> [PROBLEM STATEMENT] Copy each line of the data below exactly, leaving out pictures.

> [RECORD EXTRACTS]
╔══

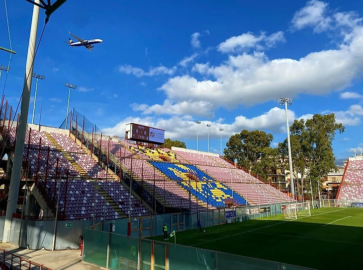 Местный стадион «Оресте Гранилло» находится всего лишь в 15 километрах от аэропорта Реджо-ди-Калабрия Тито Меннити. И когда вы прилетаете в этот чудесный город, то первым, что вы отчетливо увидите с высоты полета — это его!
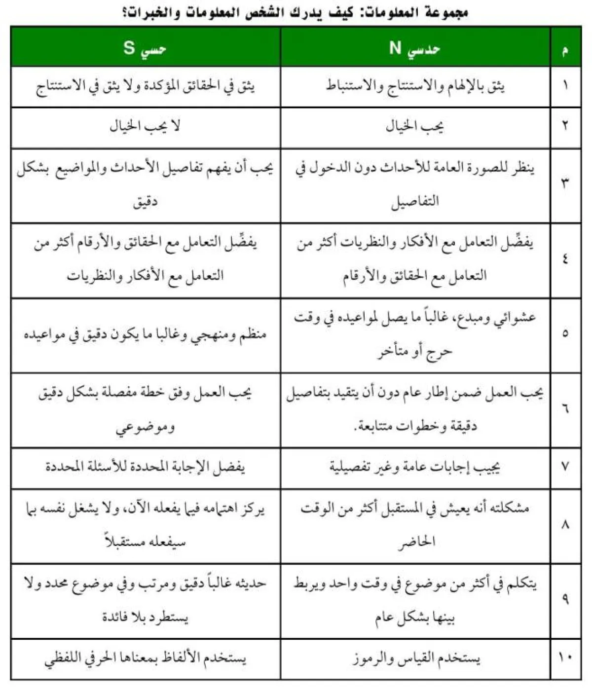 • الحركي ESTP: اجتماعي E، حسي S، منطقي T، مرن P.
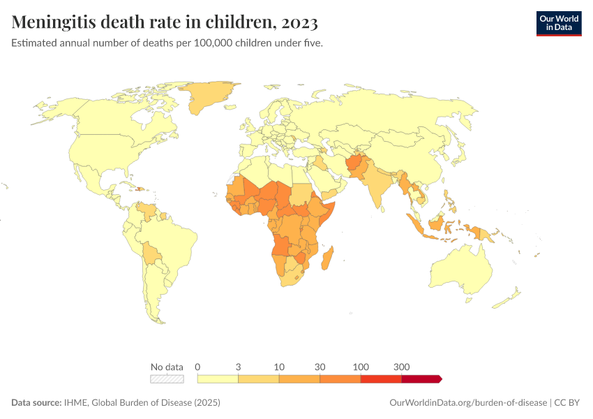 IHME, Global Burden of Disease (2025) – with major processing by Our World in Data. “Meningitis death rate in children” [dataset]. IHME, Global Burden of Disease, “Global Burden of Disease - Deaths” [original data]. Retrieved February 27, 2026 from https://data-chartpreview-unify.owid.pages.dev:8789/20260211-174736/grapher/meningitis-death-rates-children-under-5.html (archived on February 11, 2026).
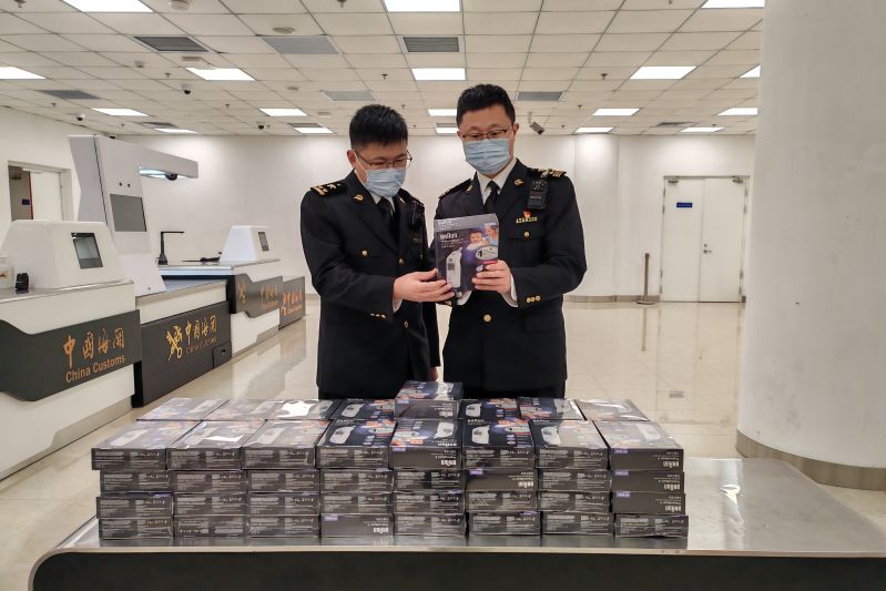 煙臺海關(guān)查獲違規(guī)攜帶進境紅外測溫槍66件(圖)
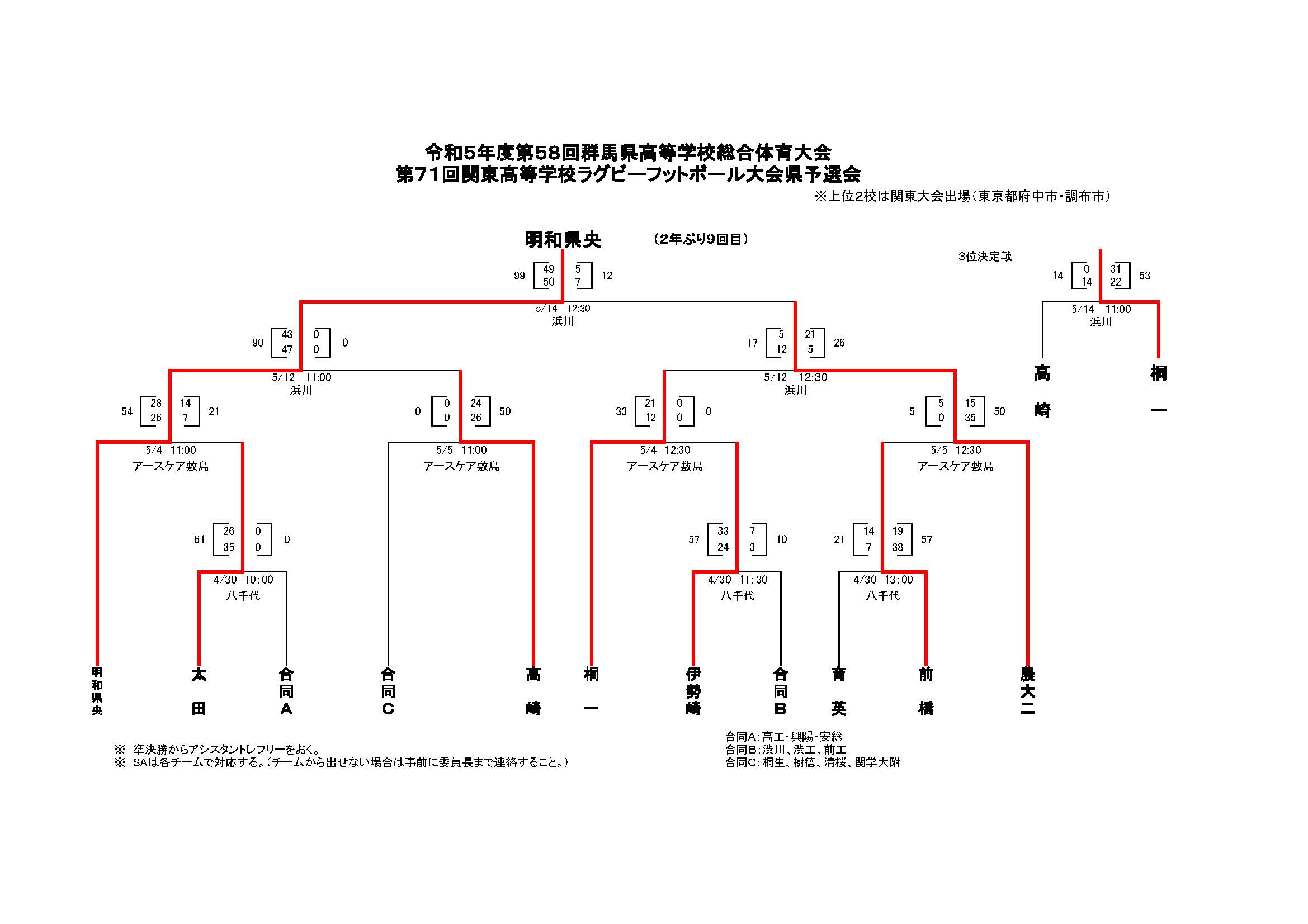HOME 県協会とは お知らせ » ニュース ニュース一覧 試合結果 facebook » 公式 チケット販売 大学 委員会 » ジュニア 高校 大学 クラブ社会人 競技 コーチ 普及育成 総務 メディカル 安全対策 レフリー アセッサー 強化セレクション 競技場 チケット お問い合わせ 住所 電話 メール 令和5年度第58回群馬県高等学校総合体育大会 第71回関東高等学校ラグビーフットボール大会県予選会
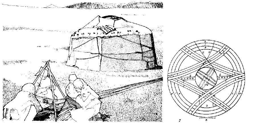 related to the Mongol kibitka. The conical shape and construction of their
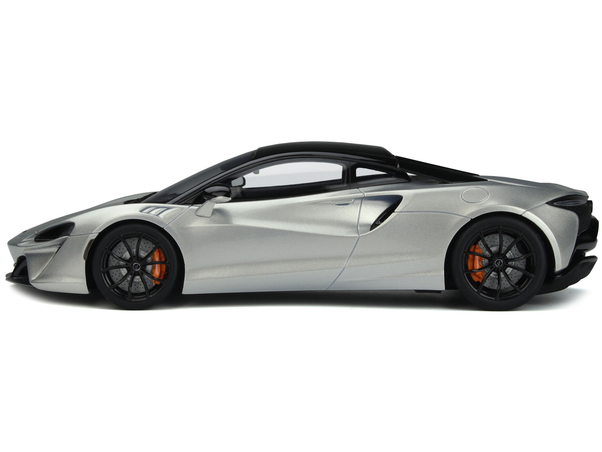 - Brand new 1/18 scale car model of 2021 McLaren Artura Silver Metallic with Black Top model car by GT Spirit.
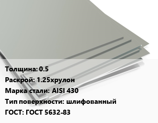 Лист нержавеющий 0.5 1.25хрулон Сталь: AISI 430 Тип:шлифованный ГОСТ 5632-83
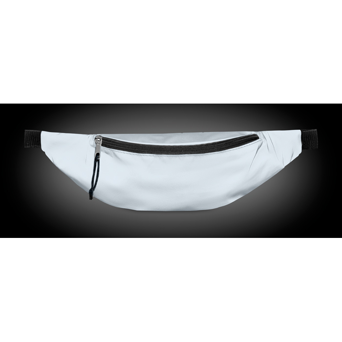 Reflektierende Tasche aus Polyester mit Reißverschluss. Inklusive verstellbarem Bund.

╚══

> [OUTPUT]
 Местный стадион «Оресте Гранилло» находится всего лишь в 15 километрах от аэропорта Реджо-ди-Калабрия Тито Меннити. И когда вы прилетаете в этот чудесный город, то первым, что вы отчетливо увидите с высоты полета — это его!
 • الحركي ESTP: اجتماعي E، حسي S، منطقي T، مرن P.
 IHME, Global Burden of Disease (2025) – with major processing by Our World in Data. “Meningitis death rate in children” [dataset]. IHME, Global Burden of Disease, “Global Burden of Disease - Deaths” [original data]. Retrieved February 27, 2026 from https://data-chartpreview-unify.owid.pages.dev:8789/20260211-174736/grapher/meningitis-death-rates-children-under-5.html (archived on February 11, 2026).
 煙臺海關(guān)查獲違規(guī)攜帶進境紅外測溫槍66件(圖)
HOME 県協会とは お知らせ » ニュース ニュース一覧 試合結果 facebook » 公式 チケット販売 大学 委員会 » ジュニア 高校 大学 クラブ社会人 競技 コーチ 普及育成 総務 メディカル 安全対策 レフリー アセッサー 強化セレクション 競技場 チケット お問い合わせ 住所 電話 メール 令和5年度第58回群馬県高等学校総合体育大会 第71回関東高等学校ラグビーフットボール大会県予選会
 related to the Mongol kibitka. The conical shape and construction of their
 - Brand new 1/18 scale car model of 2021 McLaren Artura Silver Metallic with Black Top model car by GT Spirit.
 Лист нержавеющий 0.5 1.25хрулон Сталь: AISI 430 Тип:шлифованный ГОСТ 5632-83
 Reflektierende Tasche aus Polyester mit Reißverschluss. Inklusive verstellbarem Bund.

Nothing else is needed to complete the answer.